Мне кажется, я имею на него права… А сыну рабыни негоже касаться справедливого меча!
Лучше бы он этого не говорил! Во мне словно лопнуло что-то. Я бросился вперед и зарычал, готовый даже вцепиться ему в глотку, как зверь:
— Я — Олав Эрикссон из рода Ильвингов, и ты не смеешь так говорить со мной!
В следующий миг я бы ринулся на Торвальда, коснись он только меча, но Эрик Медведь остановил нас. Опустив меч, он впился мне в лицо долгим взором, словно стараясь запомнить на всю жизнь.

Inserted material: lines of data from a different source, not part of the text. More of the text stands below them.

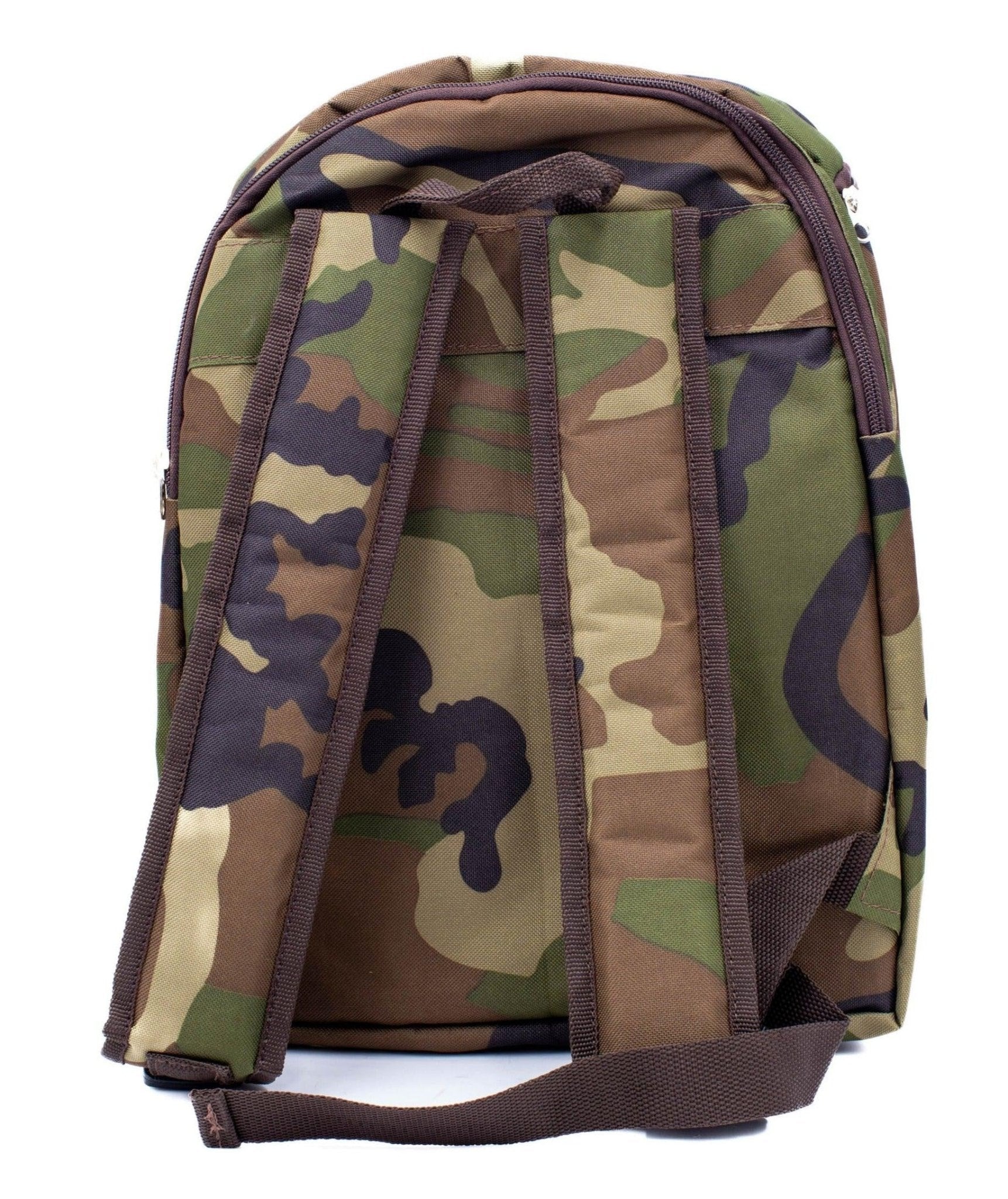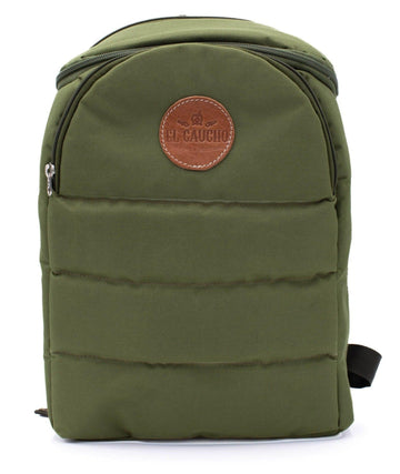 Sac à dos Sport El Gaucho : tissu imperméable, dos/bretelles rembourrés, compartiments pour thermos, calebasse, yerba, bombilla et PC. 40 × 33 cm, coloris noir/kaki/camo. Sac uniquement.
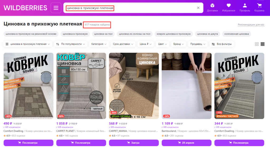 4. Анализ результатов поисковой выдачи вручную. Бесплатный, но трудоемкий способ — вбивать по очереди названия товаров в строку поиска Wildberries и оценивать количество предложений. Это поможет определить уровень конкуренции в нише и конкретной товарной категории. Например, по запросу «циновка в прихожую плетеная» в выдаче показывается 617 товаров. Значит эта категория не высококонкурентная и в нее можно заходить.
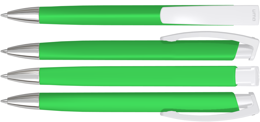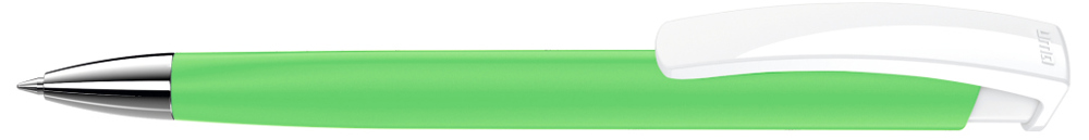 Druckkugelschreiber mit gummiertem Dreikantgehäuse, weiß gedeckt glänzendem Clip und schwerer... mehr
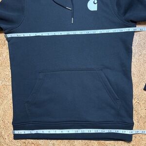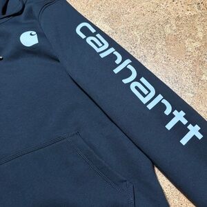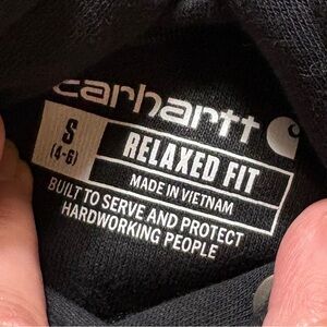 Carhartt Wm’s Relaxed Fit Midweight Logo Sleeve Fleece Hoodie In Black Sz S(4-6). New without tags. Pullover style. Front Kangaroo pocket with inner pocket. 3 piece hood with drawstrings. Rib knit cuff & bottom hem. Black with white arm spellout & logo on chest. Cozy fleece lining. Great new condition

— Оказывается, у меня есть еще один сын? — наконец медленно произнес он.
Глава 2
Холодный тяжелый ветер дул с севера, нагоняя на высокий каменистый берег темные волны. Море Нево привычно ярилось, наскакивая на землю, и, повторяя его атаки, по небу также ползли тучи, неся в глубь земель первые грозы.

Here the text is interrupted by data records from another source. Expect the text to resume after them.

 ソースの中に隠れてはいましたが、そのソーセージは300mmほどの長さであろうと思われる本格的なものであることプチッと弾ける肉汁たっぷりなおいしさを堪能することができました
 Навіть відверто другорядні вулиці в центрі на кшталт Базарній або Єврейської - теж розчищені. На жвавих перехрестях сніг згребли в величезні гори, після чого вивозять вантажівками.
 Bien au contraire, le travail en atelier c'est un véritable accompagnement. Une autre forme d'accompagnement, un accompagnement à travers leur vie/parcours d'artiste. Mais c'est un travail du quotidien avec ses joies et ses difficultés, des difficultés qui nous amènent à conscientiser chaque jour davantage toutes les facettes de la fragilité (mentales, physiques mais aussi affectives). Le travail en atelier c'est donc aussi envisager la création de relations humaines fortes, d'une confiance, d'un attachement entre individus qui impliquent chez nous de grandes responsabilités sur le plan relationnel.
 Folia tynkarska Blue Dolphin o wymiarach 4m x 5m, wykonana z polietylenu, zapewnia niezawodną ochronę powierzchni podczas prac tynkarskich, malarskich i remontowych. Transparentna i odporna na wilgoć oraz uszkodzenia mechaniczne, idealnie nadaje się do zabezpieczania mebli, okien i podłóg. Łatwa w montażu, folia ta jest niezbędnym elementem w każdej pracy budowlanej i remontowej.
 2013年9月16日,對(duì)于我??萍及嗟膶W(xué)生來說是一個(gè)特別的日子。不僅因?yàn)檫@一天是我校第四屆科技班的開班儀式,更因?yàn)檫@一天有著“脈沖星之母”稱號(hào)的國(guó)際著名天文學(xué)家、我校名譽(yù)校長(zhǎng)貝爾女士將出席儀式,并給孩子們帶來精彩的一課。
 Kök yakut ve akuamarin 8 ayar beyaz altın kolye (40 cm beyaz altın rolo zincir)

Прищуренные глаза привычно-пристально вглядывались в даль. Где-то там, на окоеме, сейчас скрытом ночной тьмою, небо сливалось с Нево-озером, и казалось, что непогоду рождала сама ночь. Сырой воздух был уже напоен запахами воды, ветра, листвы и мокрого песка. Тишину давно разогнал ветер, но в его посвисте, шелесте листвы и плеске набегающих волн привычный слух легко улавливал знакомые спокойные звуки спящей земли.
Маленькая речка Каменка сбегала в озеро Нево. Сейчас ее робким водам мешали встречные волны и ветер, и речка тоже пробовала яриться и наскакивала снова и снова, пытаясь одолеть преграду и слиться с отцом-Нево. Нельзя было не сочувствовать маленькой упрямой речушке, которой наплевать на погоду.
На ее высоком берегу в полусотне шагов от берега большого озера стояла застава — сложенный из неохватных бревен детинец с рядами заборол и передней сторожевой башней, нависающей над единственными воротами. Земляной вал приподнимал детинец над землею, а опоясывающий заставу ров делал ее почти неприступной. «Почти» потому, что не рождалось такой крепости, какую нельзя было бы взять. Впрочем, за те без малого три десятка лет, что застава стояла тут, ничья чужая сила не входила в ее ворота. Даже викинги, что редко приплывают с миром, и то предпочитали обходить ее стороной и не тратить понапрасну времени. И небольшой поселок рядом мог чувствовать себя в безопасности.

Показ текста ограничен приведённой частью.